As the waste container is being disconnected from the lifter, additional fluctuations in the signal response 370 occur as a result of the disconnection and removal. The response curve, following the container removal, will return to a flatline response state indicating that no waste container is present on the system The first and second trigger points are important as they are used as reference points to determine where the weighing operation should be performed. When the lifter is lifting the waste container, the system needs to detect the waste container dump, and then look backwards in the lift cycle measurement to find the correct sample to calculate the weight. When the waste container is returning to the ground, a further need is required in order to detect the transition from the waste container in the dump position to the waste container travelling in a downwards motion towards the ground as identified by the second trigger point, and then using this information to look forward or wait, until the correct sample location in the trace is identified in order to calculate the down weight of the waste container.
The line 380 represents actual analog to digital code, ADC, values that are output from the processing elements of the system of the present teaching. The code values are generated by converting the analog output signal from the loadcell to digital code values using an analog to digital converter in the weighing system. Significant oscillations in the load cell output are observed.

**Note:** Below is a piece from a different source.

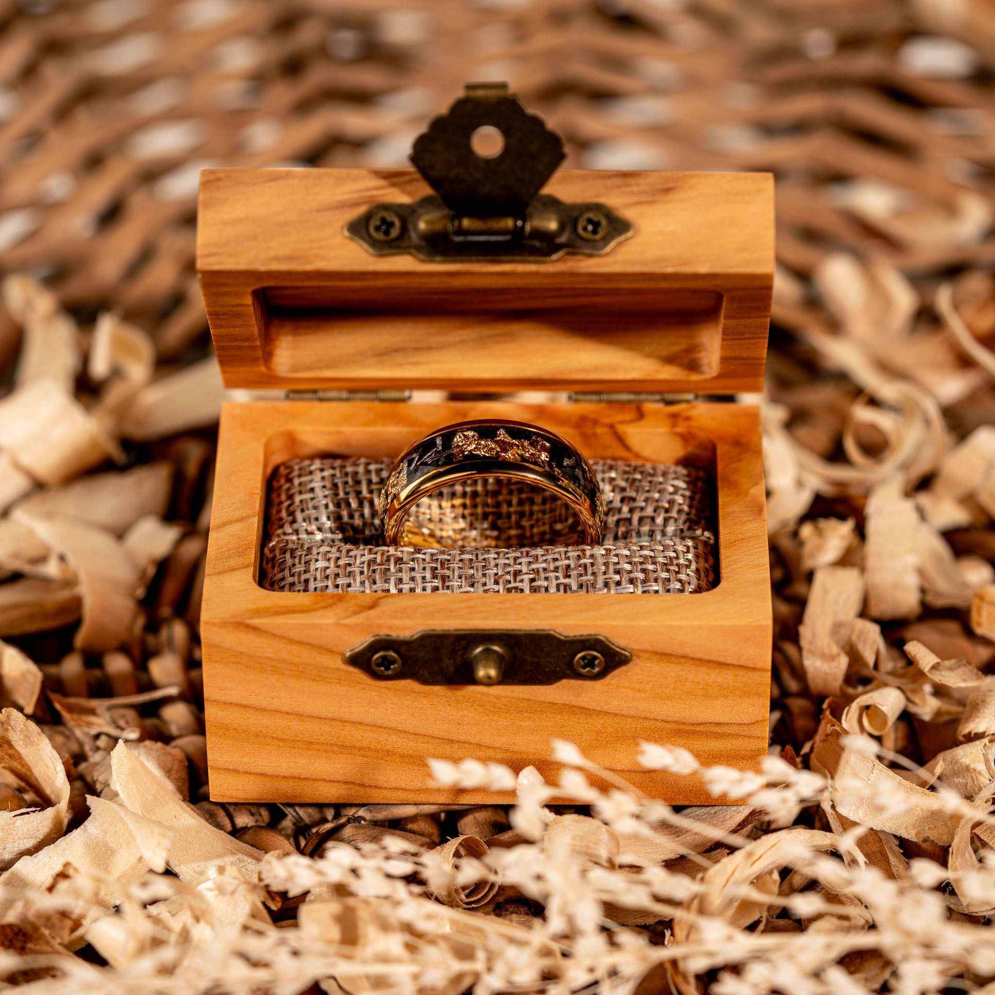 Meteorite Ring x 22K Gold Leaf – Tungsten Carbide Ring for Men ‐ 8 US

Note that within this illustrated example, a full oscillatory period has not been completed within the weighing zone. As discussed above, averaging of a partial oscillatory period will result in measurement error.
The line 390 represents a software generated moving average output of the analog to digital converter code values from the weight measurement system according to the present teaching.

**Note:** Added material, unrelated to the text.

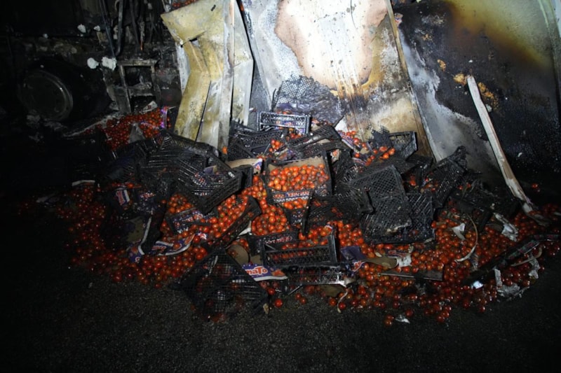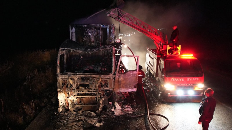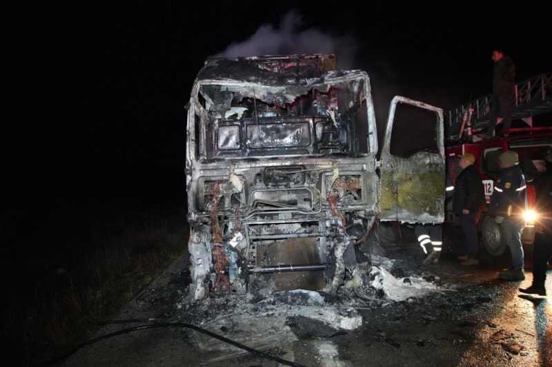 Türkiye’den aldığı domates yükünü Ukrayna’ya götürmek için yola çıkan, sürücü Viktor Berezhansky idaresindeki Ukrayna plakalı tırda, yol kenarında beklerken dorseye bağlantılı olduğu öğrenilen soğutucu motorundan yangının çıktığı iddia edildi.

As discussed previously, not all data output from the load cell is selected for calculating the weight. In this regard, the data used to calculate the weight of the contents is output during a weighing window corresponding to a period in the lift cycle after the container is engaged and has begun to be lifted, and if a second set of measurements corresponding to an empty container are required at another period when the empty container is being lowered back to its original position after the contents of the container have been transferred to a secondary location. As can be seen from Figure 3, the weighing window is selected after the load cell output fluctuations have settled and comprises a period of time or sample counts and as such may comprise a plurality of individual measurements which can be processed for statistical purposes.

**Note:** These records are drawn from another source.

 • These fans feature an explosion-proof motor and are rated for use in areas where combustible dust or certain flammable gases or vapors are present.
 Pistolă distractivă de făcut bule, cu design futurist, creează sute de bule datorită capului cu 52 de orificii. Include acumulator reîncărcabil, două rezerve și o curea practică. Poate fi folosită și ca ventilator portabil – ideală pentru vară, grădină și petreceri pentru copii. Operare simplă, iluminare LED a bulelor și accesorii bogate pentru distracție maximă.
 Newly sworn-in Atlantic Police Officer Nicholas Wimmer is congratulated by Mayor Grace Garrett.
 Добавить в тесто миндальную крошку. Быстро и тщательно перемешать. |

As described above, buffering the electrical output signal of the transducer and processing the buffered output signal alone can be employed to trigger the weighing window. Processing the buffered output signal alone has the advantage of being capable of being automatically adapted for each measurement of the weight of material in a container being lifted as the weighing windows(s) are determined by the electrical output signal during periods of movement of the mechanical lift arm for a current measurement without having to be remotely managed through an external communication protocol, third party activation via a mechanical switch and without having to be physically moved. In such an arrangement the window of reading data may be changed by based on the analysed buffered output signal alone. The outputs from the transducer during the weighing window are processed by a processor to determine the weight. More specifically, within each of the at least one weighing windows identified, determining, by a processor, the weight of material in the container, the weight of the material in the container being based on the electrical output signal from the weight transducer.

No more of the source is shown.